=== Supplied information ===
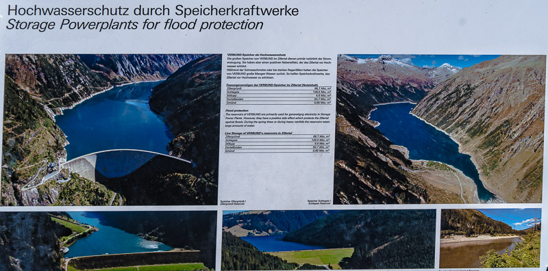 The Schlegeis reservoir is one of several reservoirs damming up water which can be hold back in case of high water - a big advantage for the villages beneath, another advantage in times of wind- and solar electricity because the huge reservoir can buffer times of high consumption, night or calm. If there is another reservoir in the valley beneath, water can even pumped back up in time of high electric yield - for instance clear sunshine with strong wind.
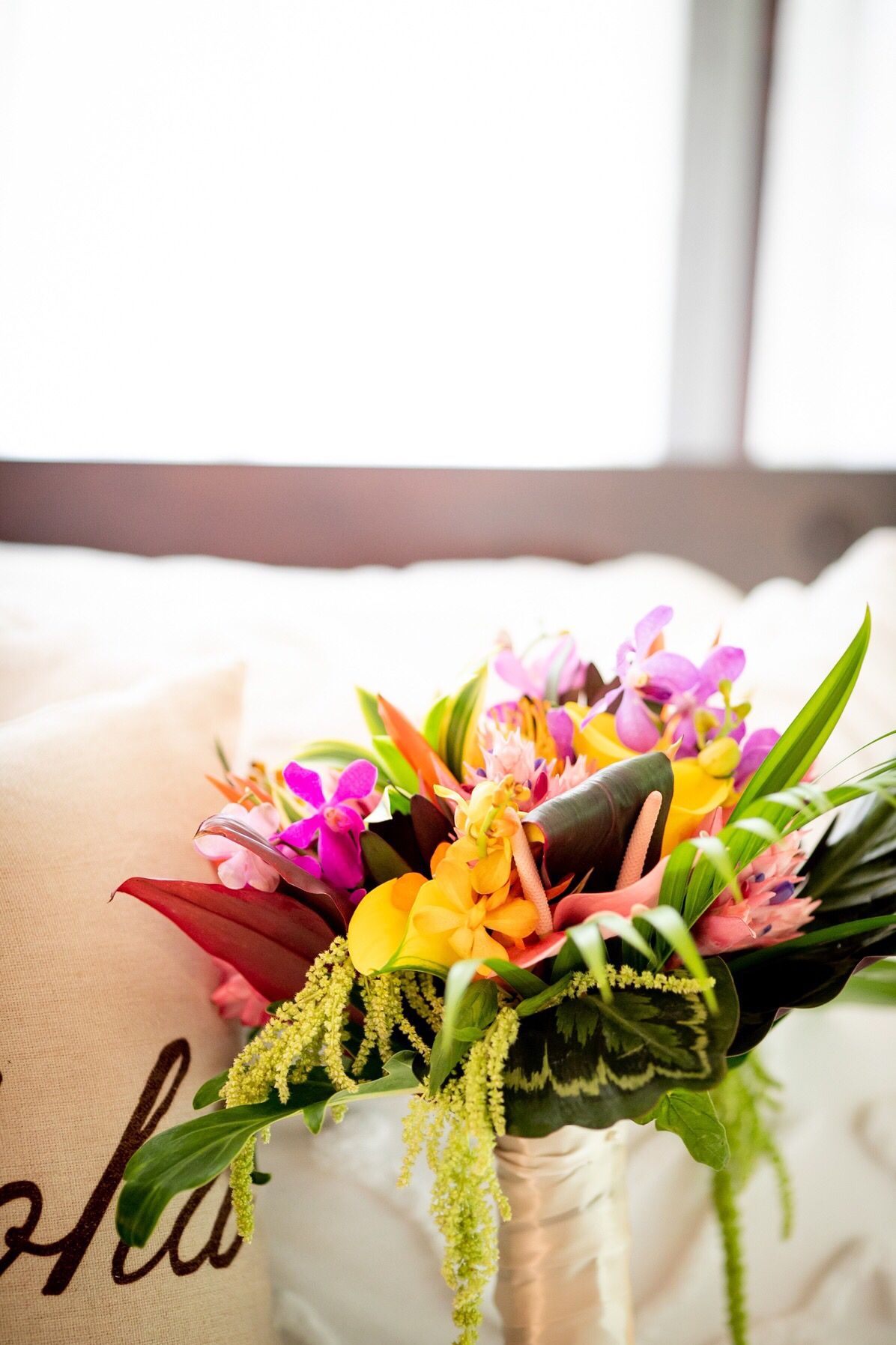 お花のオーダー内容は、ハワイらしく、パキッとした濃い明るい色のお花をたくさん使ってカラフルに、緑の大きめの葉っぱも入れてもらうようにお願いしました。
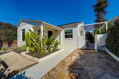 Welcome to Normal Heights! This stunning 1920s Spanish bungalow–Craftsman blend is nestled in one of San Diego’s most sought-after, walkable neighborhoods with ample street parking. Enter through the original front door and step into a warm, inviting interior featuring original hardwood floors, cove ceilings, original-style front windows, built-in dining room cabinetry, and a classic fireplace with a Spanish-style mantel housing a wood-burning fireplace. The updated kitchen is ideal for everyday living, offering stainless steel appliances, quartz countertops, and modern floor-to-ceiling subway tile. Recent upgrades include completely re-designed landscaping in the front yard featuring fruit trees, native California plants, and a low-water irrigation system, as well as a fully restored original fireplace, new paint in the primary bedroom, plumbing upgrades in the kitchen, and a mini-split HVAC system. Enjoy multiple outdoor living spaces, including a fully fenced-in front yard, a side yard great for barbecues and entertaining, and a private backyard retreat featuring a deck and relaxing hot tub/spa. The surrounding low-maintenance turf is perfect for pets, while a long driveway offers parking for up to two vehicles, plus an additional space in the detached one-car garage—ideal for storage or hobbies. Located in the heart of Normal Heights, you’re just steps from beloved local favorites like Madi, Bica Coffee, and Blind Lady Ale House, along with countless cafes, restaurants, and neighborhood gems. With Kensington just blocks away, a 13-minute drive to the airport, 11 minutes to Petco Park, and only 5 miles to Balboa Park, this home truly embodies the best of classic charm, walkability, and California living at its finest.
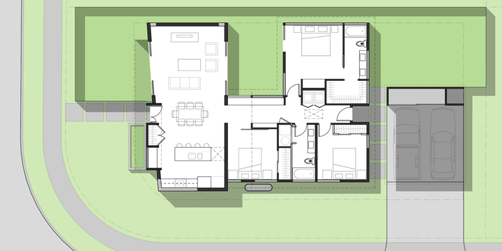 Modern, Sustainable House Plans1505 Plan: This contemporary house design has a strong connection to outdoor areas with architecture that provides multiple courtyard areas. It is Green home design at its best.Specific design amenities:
===
Action item = Give the listing again word for word, without its images.

Response to this exercise =
 The Schlegeis reservoir is one of several reservoirs damming up water which can be hold back in case of high water - a big advantage for the villages beneath, another advantage in times of wind- and solar electricity because the huge reservoir can buffer times of high consumption, night or calm. If there is another reservoir in the valley beneath, water can even pumped back up in time of high electric yield - for instance clear sunshine with strong wind.
 お花のオーダー内容は、ハワイらしく、パキッとした濃い明るい色のお花をたくさん使ってカラフルに、緑の大きめの葉っぱも入れてもらうようにお願いしました。
 Welcome to Normal Heights! This stunning 1920s Spanish bungalow–Craftsman blend is nestled in one of San Diego’s most sought-after, walkable neighborhoods with ample street parking. Enter through the original front door and step into a warm, inviting interior featuring original hardwood floors, cove ceilings, original-style front windows, built-in dining room cabinetry, and a classic fireplace with a Spanish-style mantel housing a wood-burning fireplace. The updated kitchen is ideal for everyday living, offering stainless steel appliances, quartz countertops, and modern floor-to-ceiling subway tile. Recent upgrades include completely re-designed landscaping in the front yard featuring fruit trees, native California plants, and a low-water irrigation system, as well as a fully restored original fireplace, new paint in the primary bedroom, plumbing upgrades in the kitchen, and a mini-split HVAC system. Enjoy multiple outdoor living spaces, including a fully fenced-in front yard, a side yard great for barbecues and entertaining, and a private backyard retreat featuring a deck and relaxing hot tub/spa. The surrounding low-maintenance turf is perfect for pets, while a long driveway offers parking for up to two vehicles, plus an additional space in the detached one-car garage—ideal for storage or hobbies. Located in the heart of Normal Heights, you’re just steps from beloved local favorites like Madi, Bica Coffee, and Blind Lady Ale House, along with countless cafes, restaurants, and neighborhood gems. With Kensington just blocks away, a 13-minute drive to the airport, 11 minutes to Petco Park, and only 5 miles to Balboa Park, this home truly embodies the best of classic charm, walkability, and California living at its finest.
 Modern, Sustainable House Plans1505 Plan: This contemporary house design has a strong connection to outdoor areas with architecture that provides multiple courtyard areas. It is Green home design at its best.Specific design amenities:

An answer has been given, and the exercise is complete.